Another significant development in October was Cook County, Illinois Sheriff Tom Dart saying that his Department
would not enforce foreclosure evictions during the winter months, and observed that in that situation, the banks were accusing the Sheriff of improper acts!
So this isn't anything new, really. It's just becoming more and more obvious to me, and as I read the comments around the interwebtubez, apparently to others.
If you're not convinced that things are as I say, or as Arthur Silber, Mike Whitney, Bruce Dixon and Michael Hudson say, then maybe you should give yourself a half-hour or so to sit down and read Dmitry Orlov's recent entry,
Social Collapse Best Practices, and see if some of Orlov's observations don't sound wise and prophetic, with some of the past prophecy being justified by quite a few developments in the American economy and global politics.
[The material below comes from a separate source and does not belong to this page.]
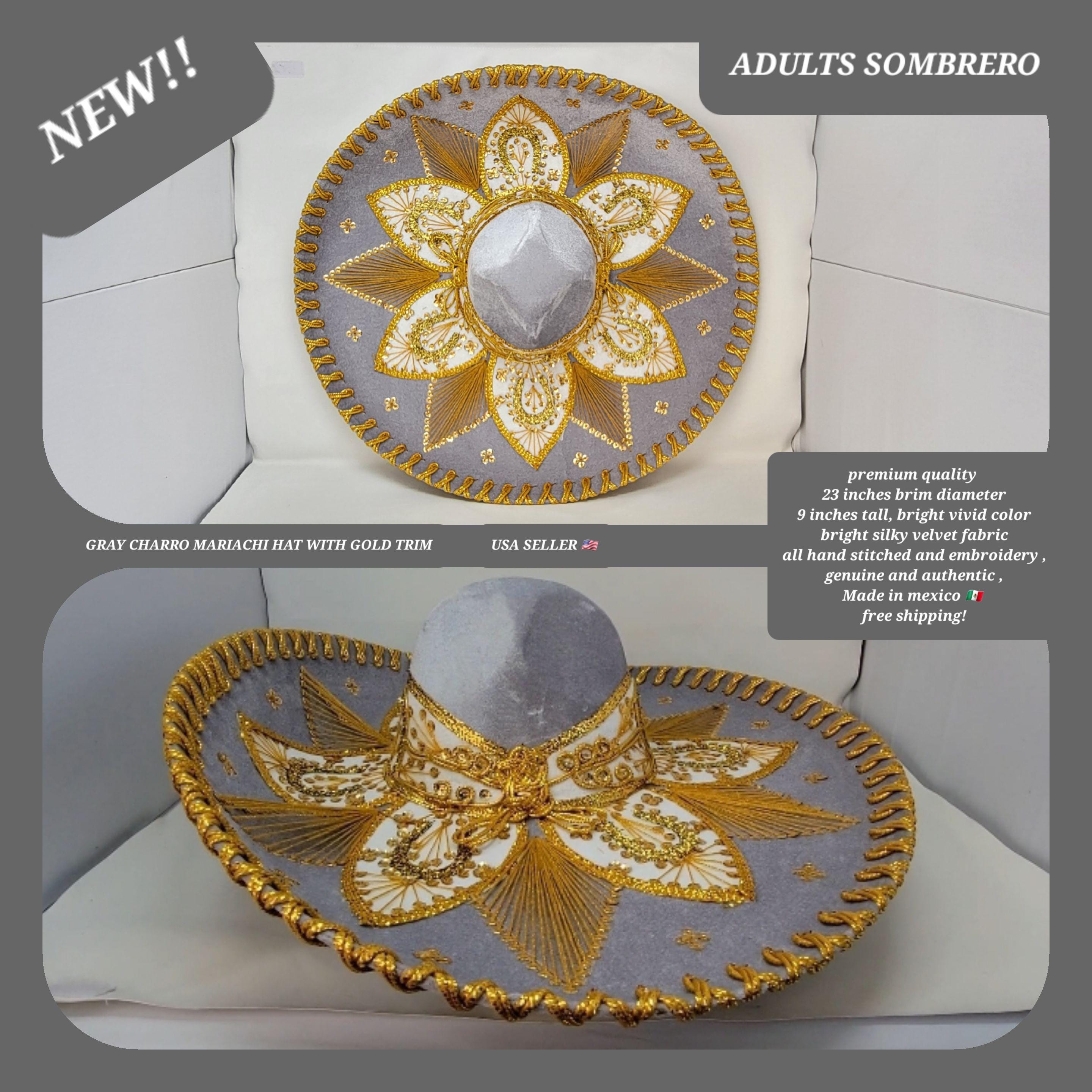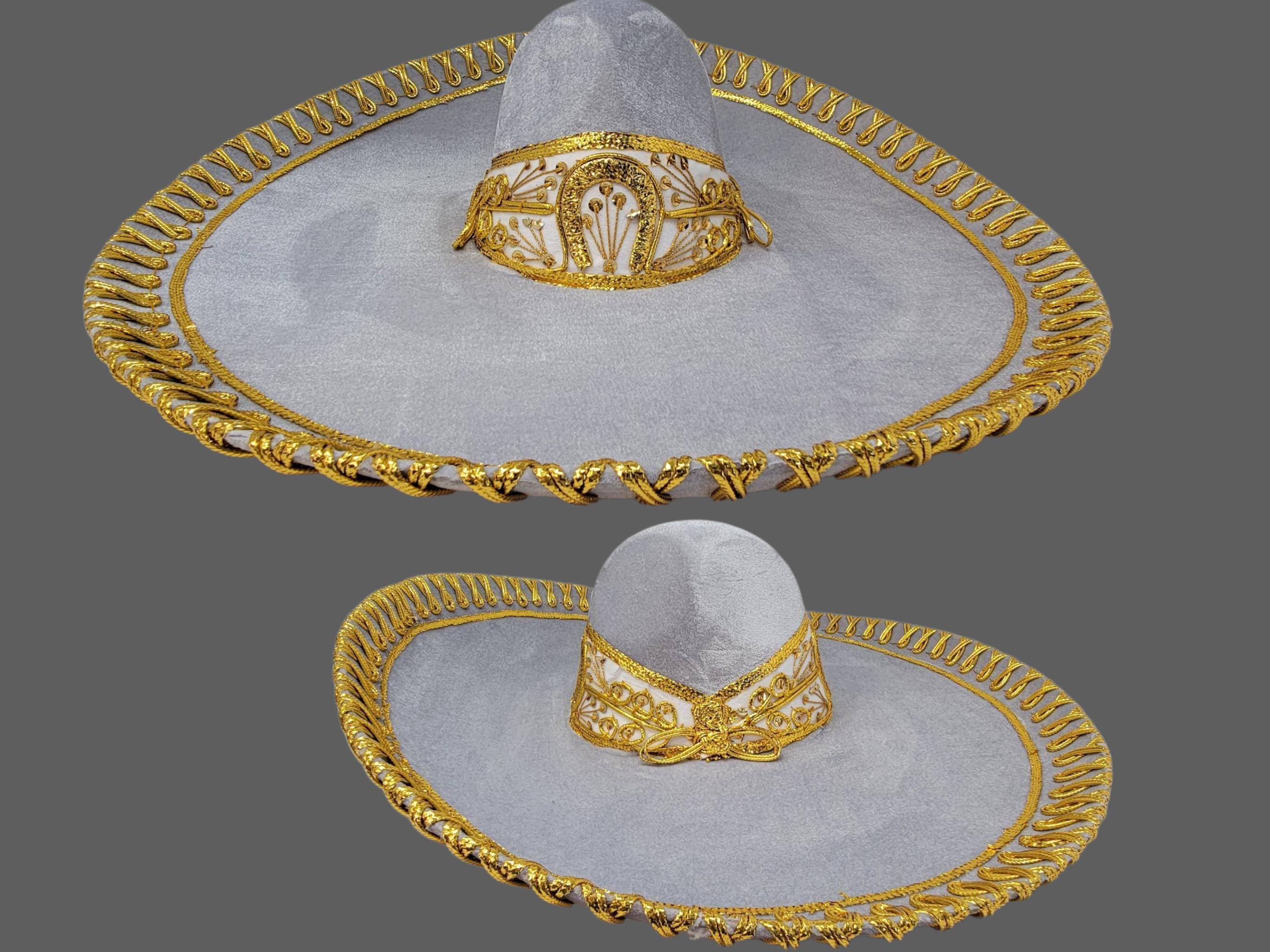 This mariachi hat is a true work of art, handcrafted with meticulous attention to detail. The hat is made of a high-quality gray velvet fabric, and the brim is adorned with a delicate band of golden trim. The crown is embellished with intricate hand-embroidered floral patterns, showcasing the skill and artistry of the artisans.

Orlov's also got a good presentation on the stages of a society's collapse, as taken from the collapse of the USSR and compared to the recent history in the USA. It's called
Closing the Collapse Gap.
What I'm saying here, reader, is that we can't expect to be saved by the Federal Government, for two very practical reasons. First, we don't have any say in its operation any longer -- well at least those of us who aren't very wealthy, we don't. And second, a lot of what is happening now is an inevitable result of the way our businesses have pursued profit and ignored long-term effects of using shell-game vehicles (derivatives, credit swaps, massaging interest rates, finding new things on which to impose specious fees) for profit.
We're going to have to fix this one ourselves, people. We are going to have to set up a parallel system that isn't waiting to be saved by the Feds. Or we can throw all the bastards and bitches out. The latter course would require lots of bloodshed; the former course is safer but longer in duration.